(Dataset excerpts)
((

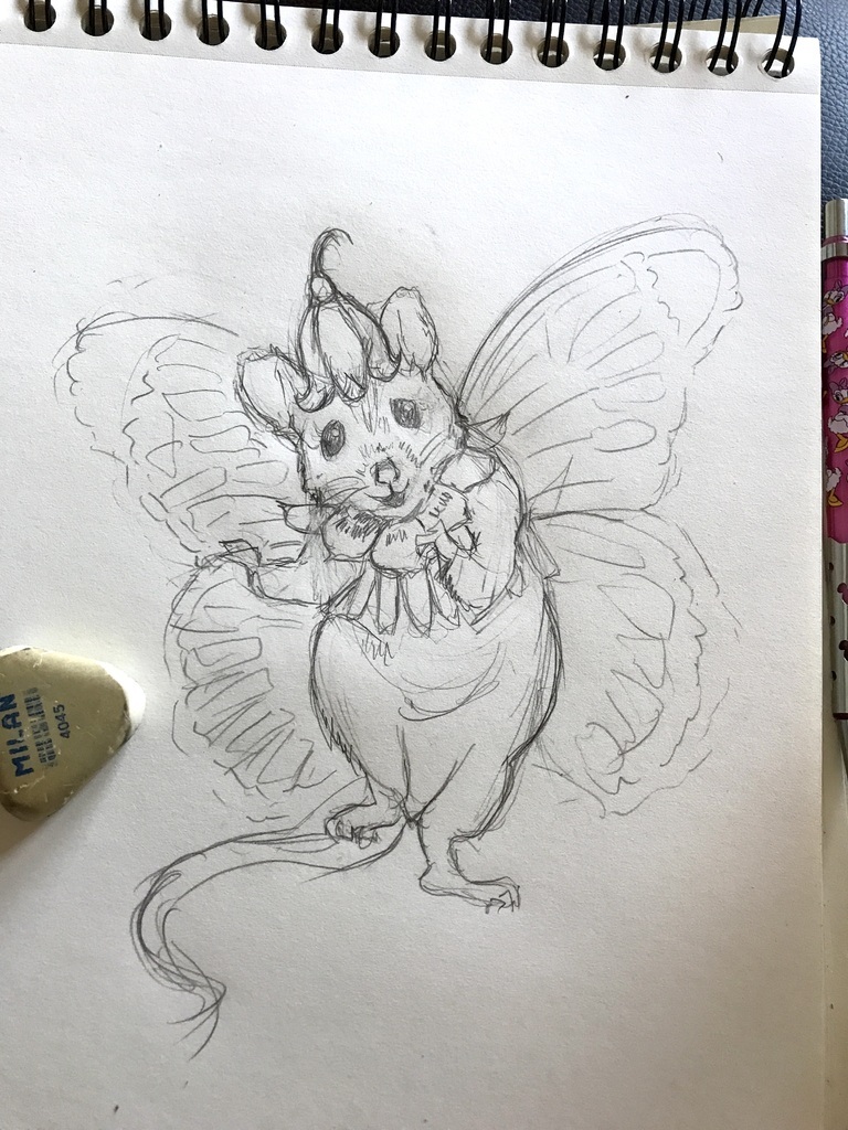 First time drawing after the summer! I’m doing a sketch for the #fallfairies challenge by @theparlorwitch I’m taking a different approach this year! I’m thinking about making a background or not and if I should paint with watercolor and ink or just pencil
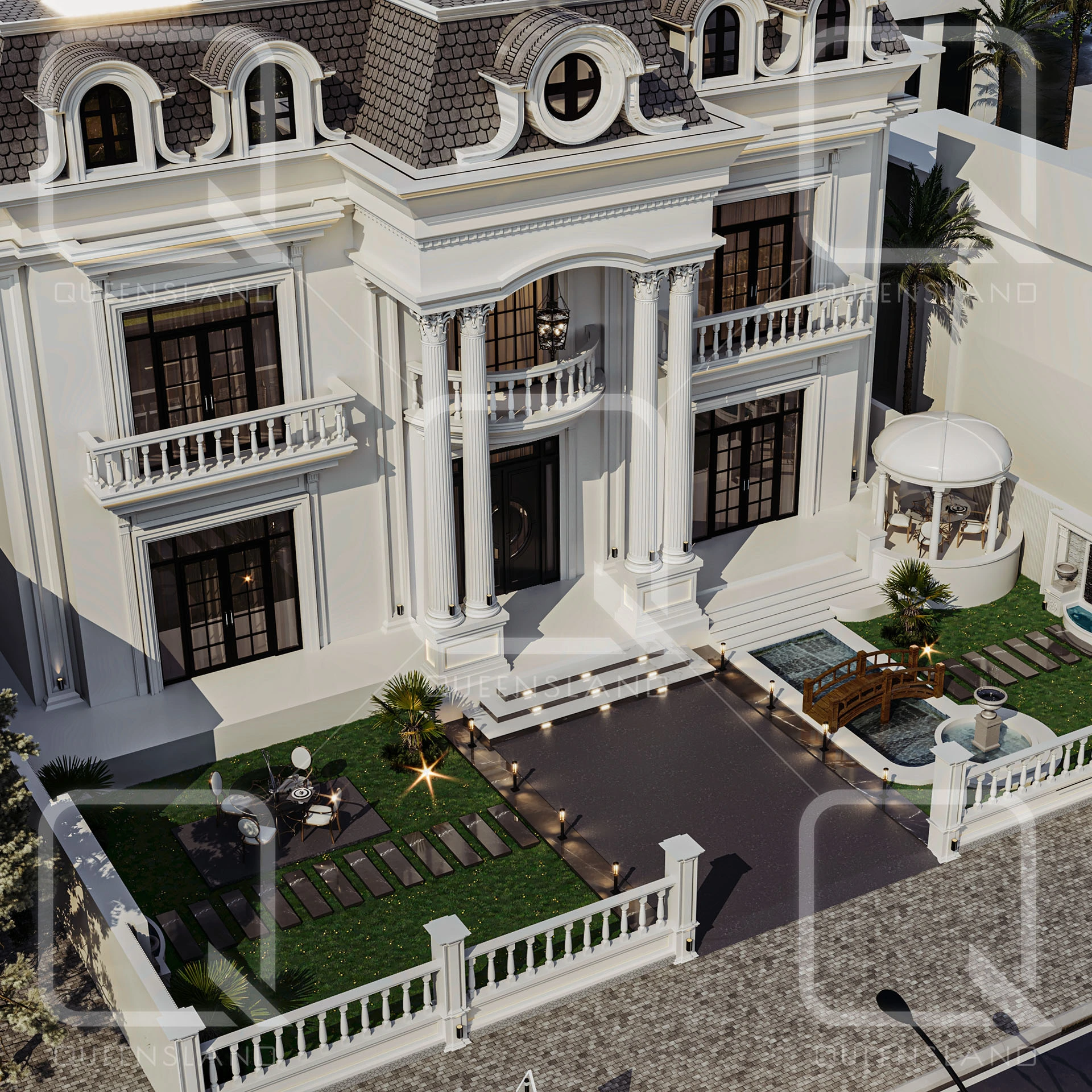 A classic 360 m² villa in Erbil was designed with a focus on timeless exterior aesthetics, blending traditional elements with modern sophistication. The project emphasized elegance and attention to detail, resulting in a striking and enduring architectural presence.
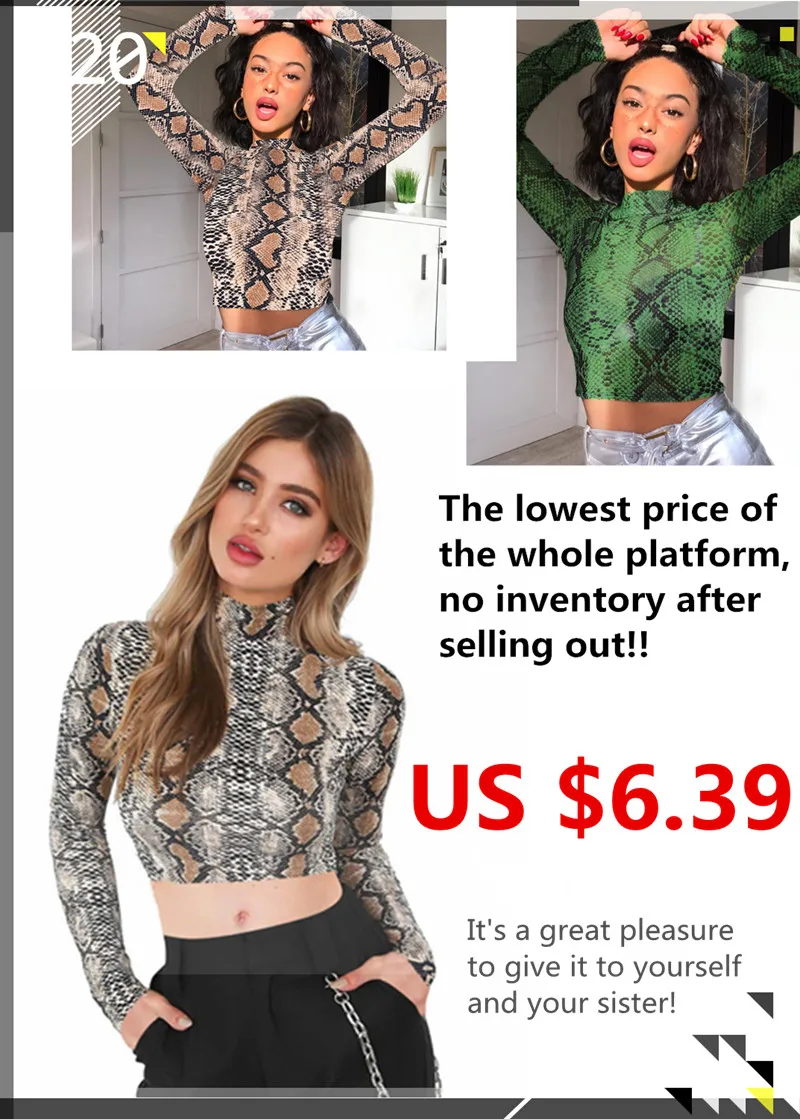 Женские футболки для йоги, модные сексуальные футболки со змеиным узором, водолазка с длинным рукавом и принтом, обтягивающие женские сексуальные футболки для вечеринок
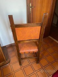 Vendo sedia rustica in legno scuro, molto solida, con seduta e schienale in cuoio color cognac e borchie decorative. Ideale per ingresso, studio, casa di campagna o taverna.
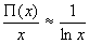 Dicho en lenguaje llano: la proporción de primos entre enteros es aproximadamente igual al inverso de ln x cuando x es grande.
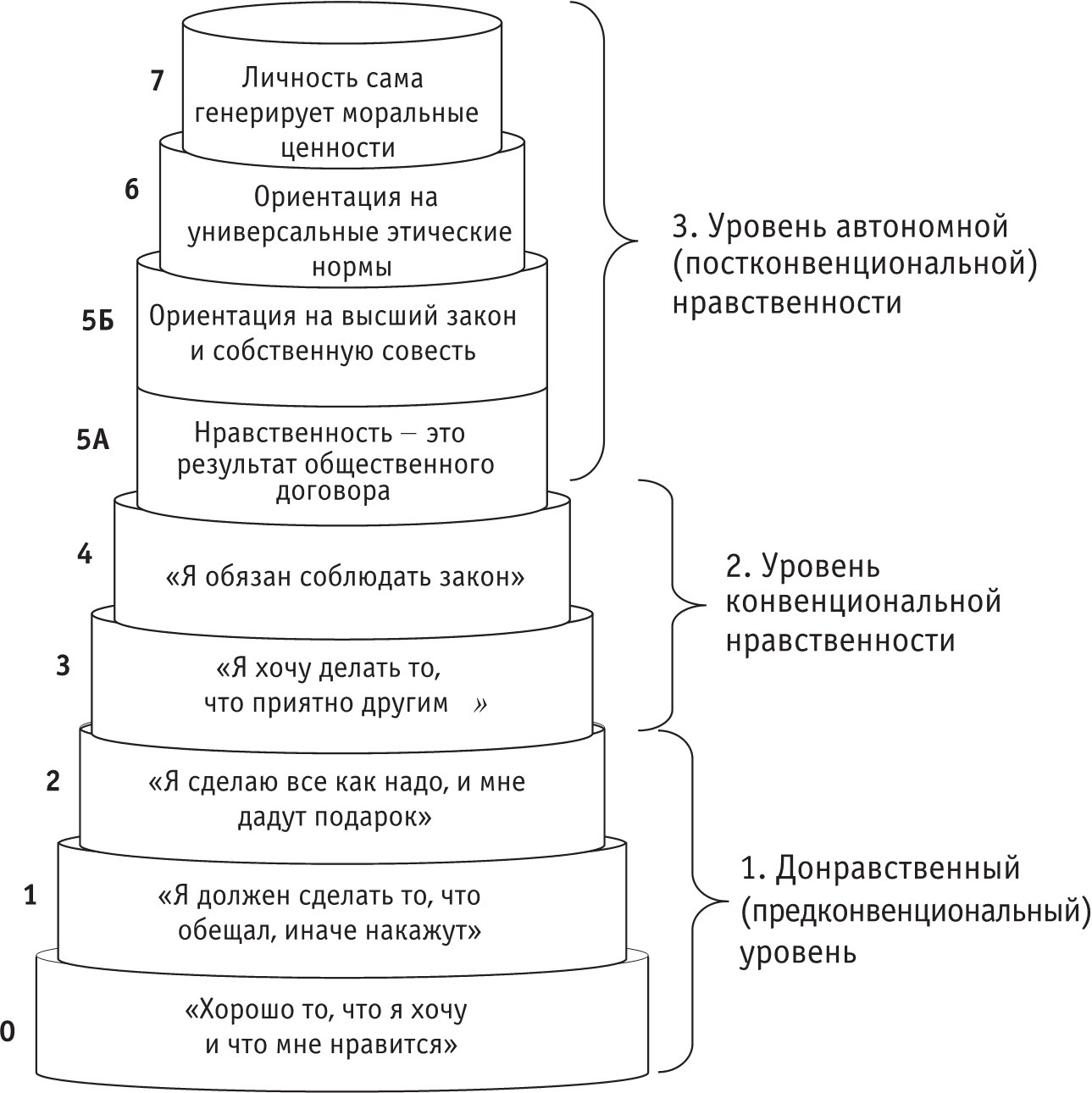 – стадию 7 – вершину уровня, – где моральные ценности обретают философский смысл и человек сам может генерировать их. Однако, по признанию самого Л. Кольберга, на эту стадию поднимаются немногие личности, т. е. данная стадия является нетипичной и не имеет всеобщего характера.
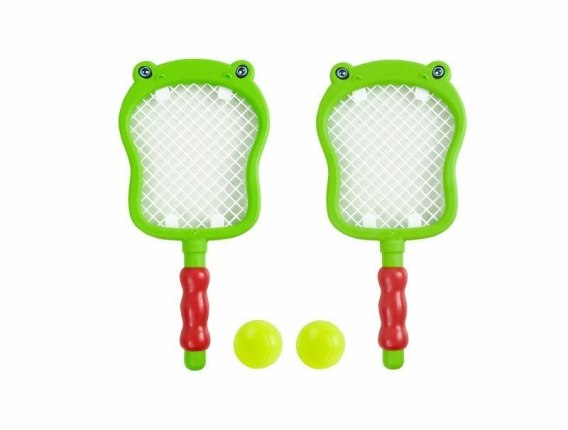 W zestawie: 2 rakietki w kształcie żabki, piłka, wym. produktu : 33 x 16,5 x 3 cm, wym. opakowania: 59 x 44 x 37 cm, 3+
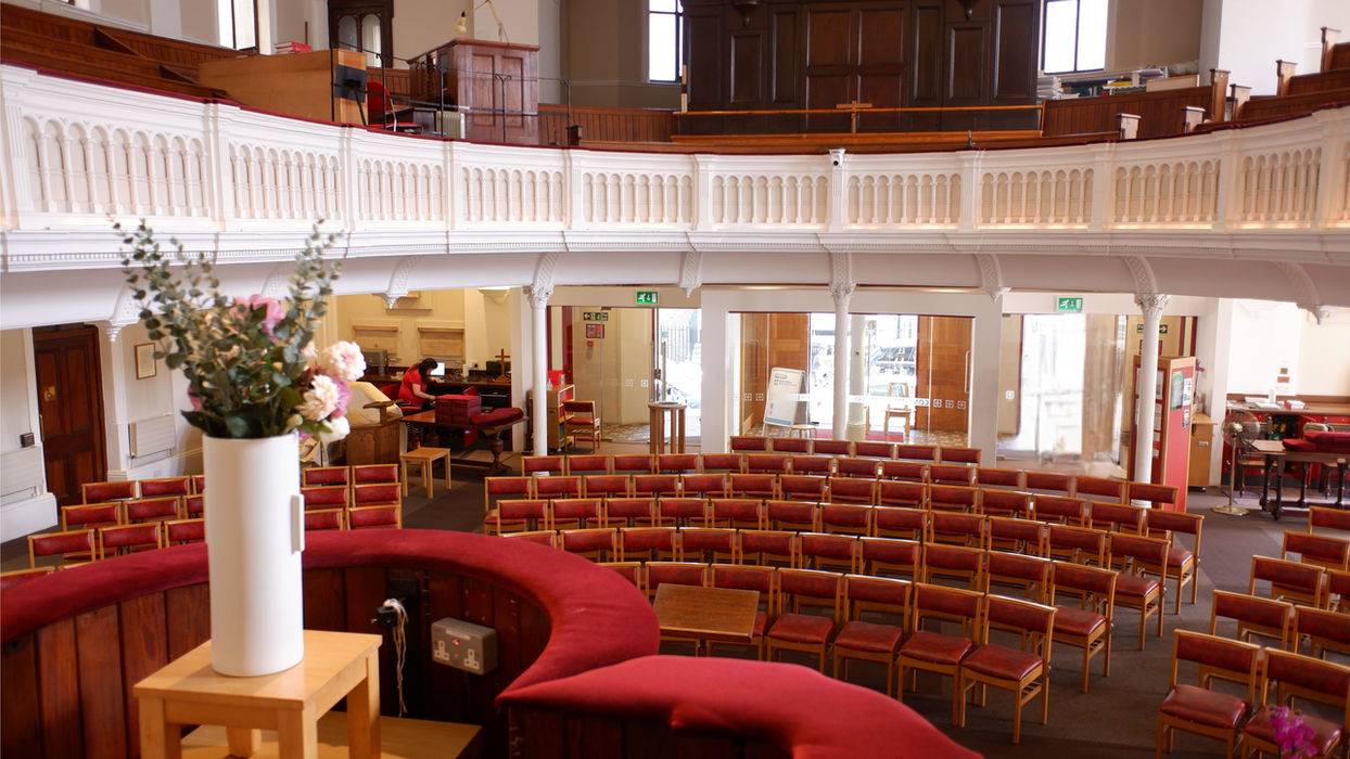 Our Grade II- listed Church can be flexibly arranged to accommodate conferences, performances, rehearsals, and more. The main Church floor measures 16x17m with an additional gallery around three sides. Additional seats, an organ or piano and Kitchen access are available on request on request. Please speak to us for more information and pricing.
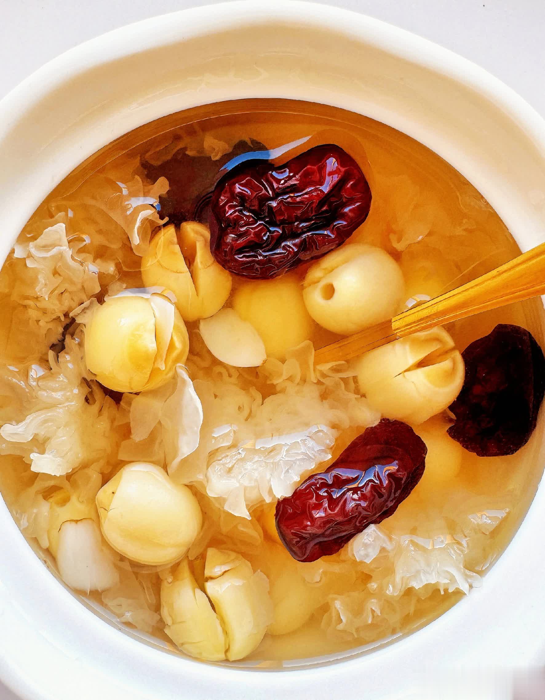 最后加入适量的冰糖调味,搅拌均匀,待冰糖融化后即可出锅。银耳莲子羹口感滑润,香甜可口,具有润肺养颜、安神助眠的功效,是中秋时节女性朋友的养生佳品。
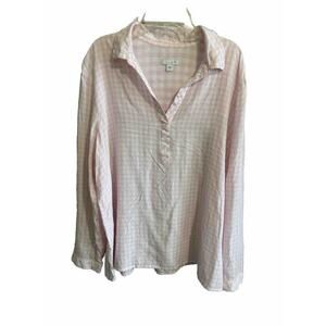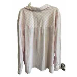 J Jill Top Shirt Pink and White Check Large Long Sleeve Button Up (b)
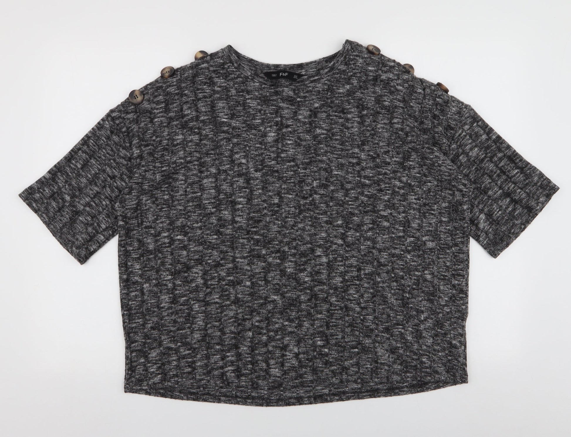 F&F Womens Grey Viscose Basic Blouse Size 12 Round Neck
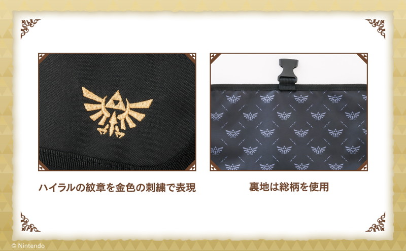 黒字にゴールドの刺繍が映えるデザインで、裏地にはハイラルの紋章の総柄があしらわれています。
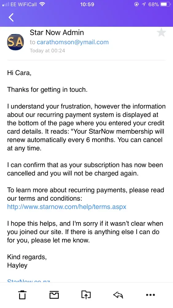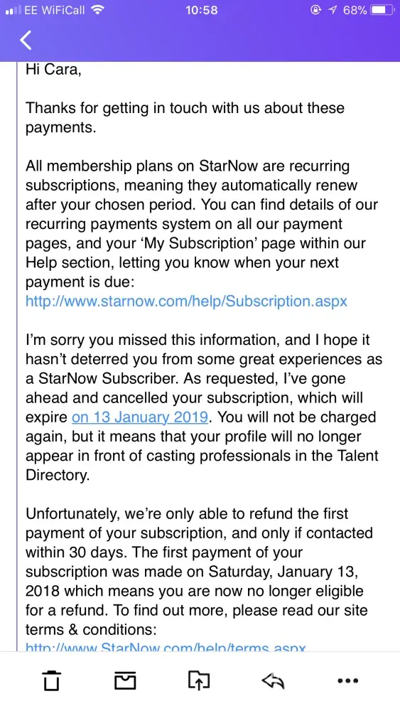 I have been a loyal paying member of StarNow for many years, in fact since it’s inception as a business. I pay via direct debit and have done so for years, so 6 monthly payments are taken out of my account.

))

Exercise requirements
Go to the line above holding "最后加入适量的冰糖调味,搅拌", then copy exactly each line down to and including the one holding "黒字にゴールドの刺繍が映える", leaving pictures out.

Answer space
 最后加入适量的冰糖调味,搅拌均匀,待冰糖融化后即可出锅。银耳莲子羹口感滑润,香甜可口,具有润肺养颜、安神助眠的功效,是中秋时节女性朋友的养生佳品。
 J Jill Top Shirt Pink and White Check Large Long Sleeve Button Up (b)
 F&F Womens Grey Viscose Basic Blouse Size 12 Round Neck
 黒字にゴールドの刺繍が映えるデザインで、裏地にはハイラルの紋章の総柄があしらわれています。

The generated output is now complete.